[Stored items]

══════

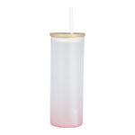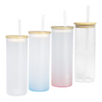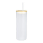 Botella de Vidrio Borosilicato para Sublimación, para líquidos fríos, con tapa de Bamboo y bombilla plástica empavonada. Capacidad 500cc. Presentación bolsa plástica empavonada + caja de cartón blanco. Calidad Premium ORCA.
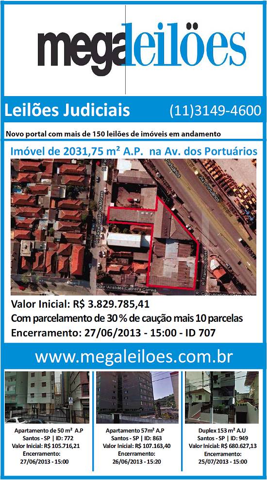 Anúncio publicado no jornal santista A Tribuna, em 10 de junho de 2013, páginas A-4 e A-5
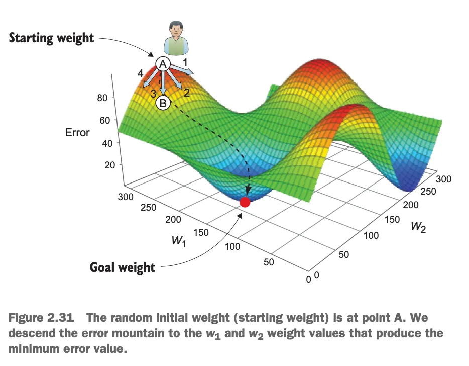 경사 하강법의 원리를 시각적으로 나타내볼까요? 아래 그림처럼 A는 무작의로 결정된 위치고, 우리의 목표는 함수 그래프의 언덕을 내려가 오차 함수값이 최소가 되는 가중치 과 에 도달하는 것입니다.
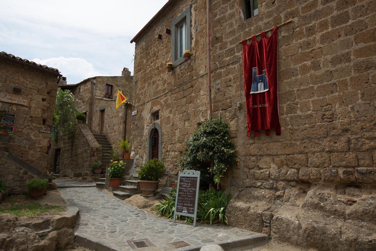 Drinnen fährt kein Auto. Die Sträßlein wären viel zu klein, die Ecken zu eng. Außerdem ist die schmale Brücke, die den Talkessel überquert und die Civit`mit Bagnoregio verbindet, nur für Fußgänger zugelassen.
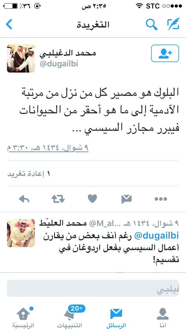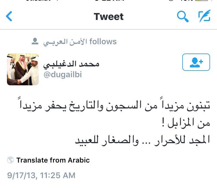 @saudiatv @media_ksa @malkassabi @khaledaloqaily حقيقة تغريدات كثيرة جدا لضيف برنامج #كلنا_مسؤول محمد طرجم الدغيلبي الذي اختاره خالد العقيلي وجميعها تغريدات مخالفة وذات توجه مخالف تم نشر جزء بسيط جدا منها ، ولا اعلم كيف يقوم اعلامنا باعادة تلميع وتدوير محمد طرجم وما هو الهدف

══════

Set the records down again exactly, and omit any picture in them.

_RESPONSE TO THIS EXERCISE:_
 Botella de Vidrio Borosilicato para Sublimación, para líquidos fríos, con tapa de Bamboo y bombilla plástica empavonada. Capacidad 500cc. Presentación bolsa plástica empavonada + caja de cartón blanco. Calidad Premium ORCA.
 Anúncio publicado no jornal santista A Tribuna, em 10 de junho de 2013, páginas A-4 e A-5
 경사 하강법의 원리를 시각적으로 나타내볼까요? 아래 그림처럼 A는 무작의로 결정된 위치고, 우리의 목표는 함수 그래프의 언덕을 내려가 오차 함수값이 최소가 되는 가중치 과 에 도달하는 것입니다.
 Drinnen fährt kein Auto. Die Sträßlein wären viel zu klein, die Ecken zu eng. Außerdem ist die schmale Brücke, die den Talkessel überquert und die Civit`mit Bagnoregio verbindet, nur für Fußgänger zugelassen.
 @saudiatv @media_ksa @malkassabi @khaledaloqaily حقيقة تغريدات كثيرة جدا لضيف برنامج #كلنا_مسؤول محمد طرجم الدغيلبي الذي اختاره خالد العقيلي وجميعها تغريدات مخالفة وذات توجه مخالف تم نشر جزء بسيط جدا منها ، ولا اعلم كيف يقوم اعلامنا باعادة تلميع وتدوير محمد طرجم وما هو الهدف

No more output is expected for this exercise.